We found GINS2 to be significantly over expressed in lung adenocarcinoma cells in vitro. MTS results demonstrated that GINS2 accelerated proliferation of tumor cells which is consistent with a previous report.16 In addition, the number of migration cells with higher expression of GINS2 was significantly increased. Consistent with the GSEA results, we indicated that GINS2 promoted the growth and migration abilities of tumor cells in lung adenocarcinoma. The apoptotic rate of cells transfected with GINS2 overexpression plasmids was significantly lower than blank and NC, proving that GINS2 inactivated tumor cells apoptosis. Consistent with the previous study,16 these results further imply that GINS2 could accelerate tumor cell proliferation and migration and inhibit tumor cells apoptosis in vitro.
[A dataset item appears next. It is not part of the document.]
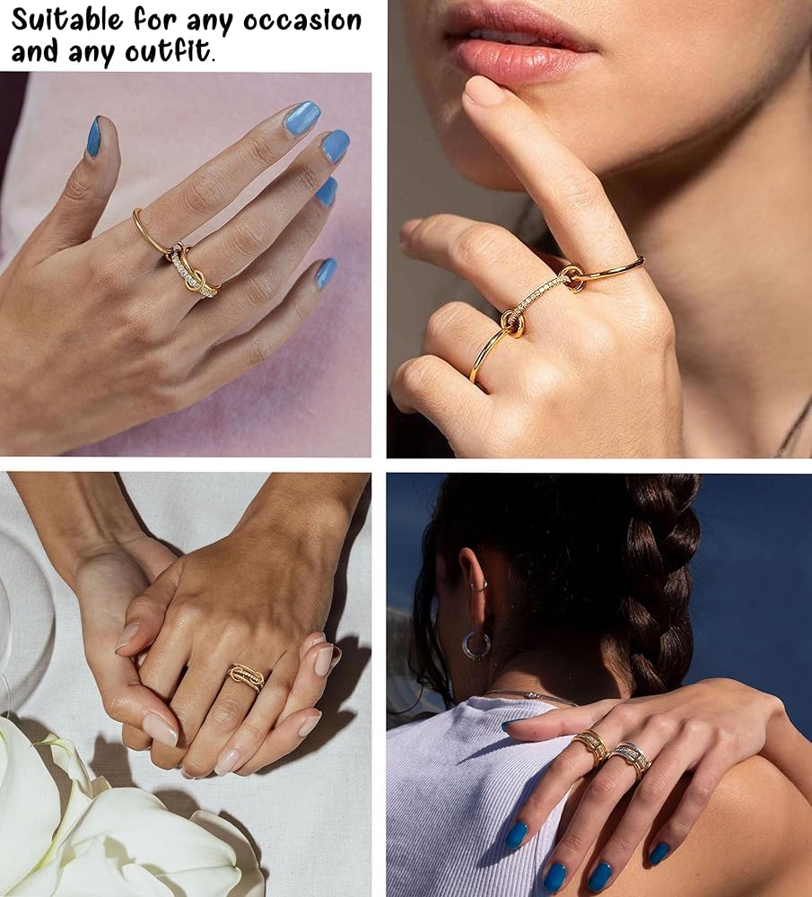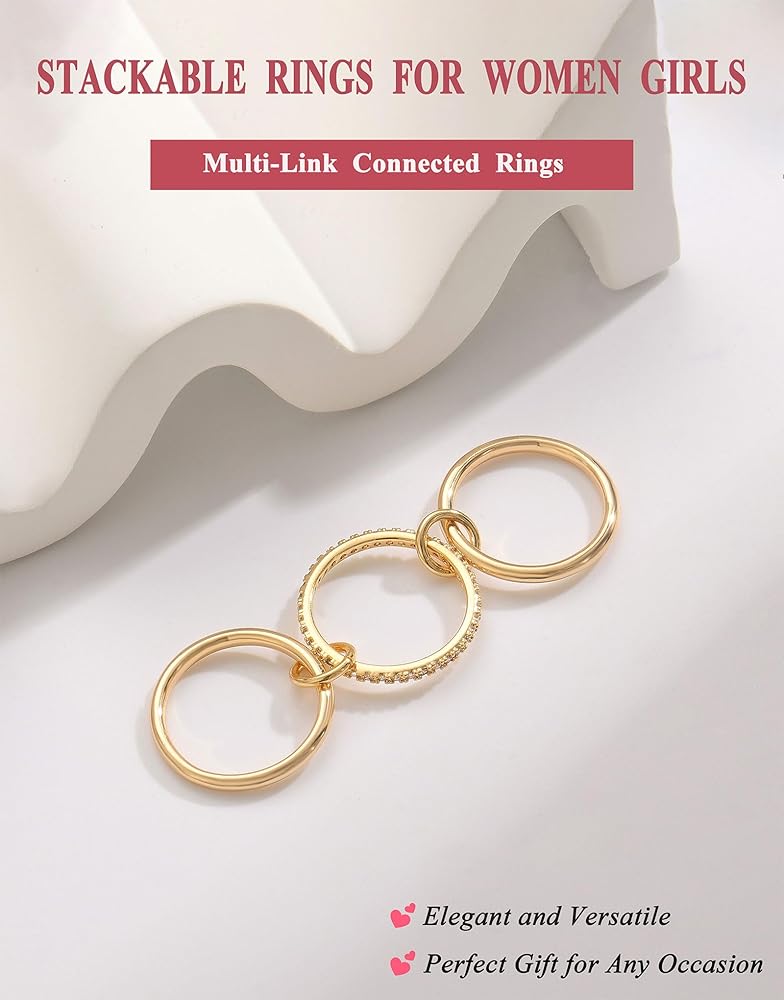 STACKABLE RINGS FOR WOMEN: This two tone ring includes two gold band rings and two cubic zirconia silver rings.All linked by a delicate gold jump ring. Feature interlocked designs that offer a unique take on stacking style. Stack them together or separate them to wear across different fingers.Interlocking loops symbolize love, friendship, and loyalty. Sparkling cubic zirconia stones add an extra touch of bling to elevate your look

In conclusion, we utilized GEO raw data to construct WGCNA co-expression network. A hub gene was identified based on the score of PPI network. High expression of GINS2 had better diagnostic values in lung adenocarcinoma. GSEA results predicted pathways which GINS2 may be involved in the progress and development of lung adenocarcinoma. Moreover, we found that GINS2 promoted the proliferation and migration of tumor cells and suppressed the apoptotic rates of tumor cells, further indicating that GINS2 could function as a novel diagnostic and therapeutic biomarker in lung adenocarcinoma.